I love a good sugar cookie.

They are a part of my childhood in a deep way because my mother and my grandmother used to make them for the holidays.

However, when we had to go dairy-free for my son’s milk allergy, I struggled to figure out how to share this family tradition without excluding him.

This dairy-free sugar cookie recipe is the answer.

The key to this dairy-free sugar cookie is in the shortening.

There are all kinds of vegan butter substitutes and vegan shortenings. I even experimented with coconut oil. But by far the best butter substitute I found for dairy-free baking was palm shortening.

You can find all kinds online and in grocery stores with health food sections (I’ve found mine at Whole Foods and Kroger before). You can even order it from Amazon.

Besides shortening, I use almond milk in both the cookies and the frosting. It works great and tastes delicious.

No one will know these sugar cookies are dairy-free.

Allergy-Friendly Sugar Cookies

You can make sugar cookies with all kinds of substitutes. Keep in mind that each substitute will change the end result in some way.

For a “gluten-light” sugar cookie, I use spelt flour. It works just like regular flour, but it has less gluten, which is perfect for some people who are gluten-sensitive, but not allergic. Because it is a whole grain, it will taste like whole wheat cookies.

For egg-free cookies (making these vegan cookies!), you can use an egg replacer or the flax egg described in this recipe.

Cut-Out Sugar Cookie

Cut-out sugar cookies are my favorites for the holidays. It is probably because I am nostalgic.

However, my kids love making them, I am grateful that this recipe lets us all enjoy this family tradition, and they aren’t just for Christmas! We have seasonal cookie cutters we use in the fall and the spring.

Healthy Sugar Cookies Recipe

The recipe I share in this post is just a regular sugar cookie made dairy-free. It calls for unbleached flour and sugar.

However, because this is a frosted cookie, this recipe uses less sugar than most cookies.
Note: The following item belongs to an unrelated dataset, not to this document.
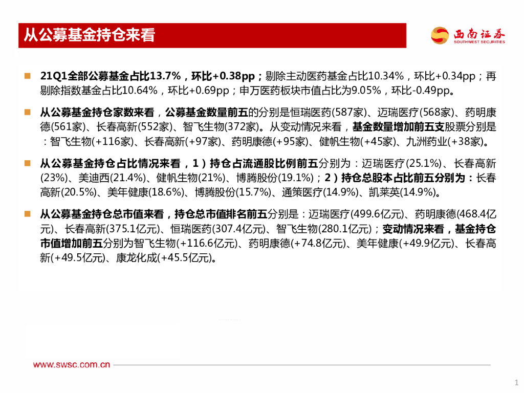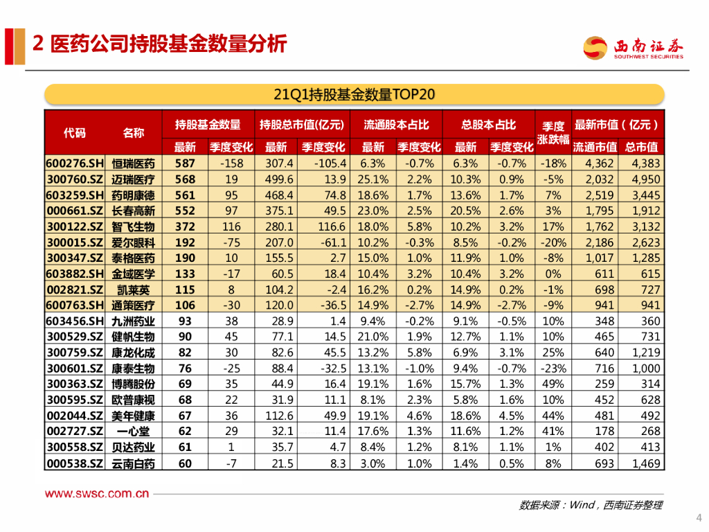 西南证券:医药行业1Q2021持仓分析:医药仓位略有回升,核心资产有所分化.pdf
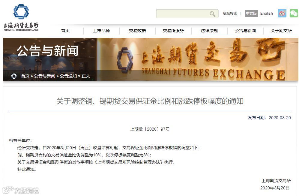 3月20日,上期所发布公告,自当日收盘结算起,将铜、锡期货合约交易保证金比例调整为10%,涨跌停板幅度调整为8%。而就在前一天,上期所刚刚对铝、锌、铅及天然橡胶期货的做出类似上调,上期能源也对20号胶期货做出相应调整。

It is lightly sweetened and crisp, with a soft middle and delicious texture.

The frosting brings most of the sweetness, and – frosting being what it is – no more sugar is necessary.

If you want a more healthy sugar cookie recipe, you can do all kinds of things.

Flour

For the flour, you can use sifted spelt flour to make the recipe more gluten-light. Sifting the whole grain flour through a fine mesh strainer removes some of the bran from the flour, making it less like whole wheat and more like regular flour.

You can also do what I did for these cookies in the photos. I simply used half spelt flour and half unbleached, non-GMO flour. They’re a little more nutritious without changing the texture so much that they no longer taste like a dessert.

You can also substitute ¼ of the flour with almond flour for a nutty texture and taste. I have even used ¼ oat flour in a pinch when we ran out of flour partway through baking.

Sweetener

For the sugar, you can use evaporated cane juice or turbinado or substitute it with honey or maple syrup. To be honest, I have never tried that in this recipe – it is, after all, a sugar cookie. But here is how to substitute sugar with honey or maple syrup if you want to try it!

Frosting/Icing

For the frosting, you can make your own powdered sugar using your favorite granulated sweetener by blending it until it’s powdered in a high-power blender.

You can even make this vegan dairy-free cashew cream and make the sweet vanilla fruit dip variation. It makes great real food icing.

We prefer natural food dyes for our frosting. Keep in mind that not all natural food dyes are created equal. Some of the colors are not as strong. Often, they are a different shade instead of the classic colors we have come to expect from conventional food dyes. Be patient and flexible with your expectations.

Holiday Sugar Cookies

These dairy-free sugar cookies make the perfect holiday treat – especially if you have kids!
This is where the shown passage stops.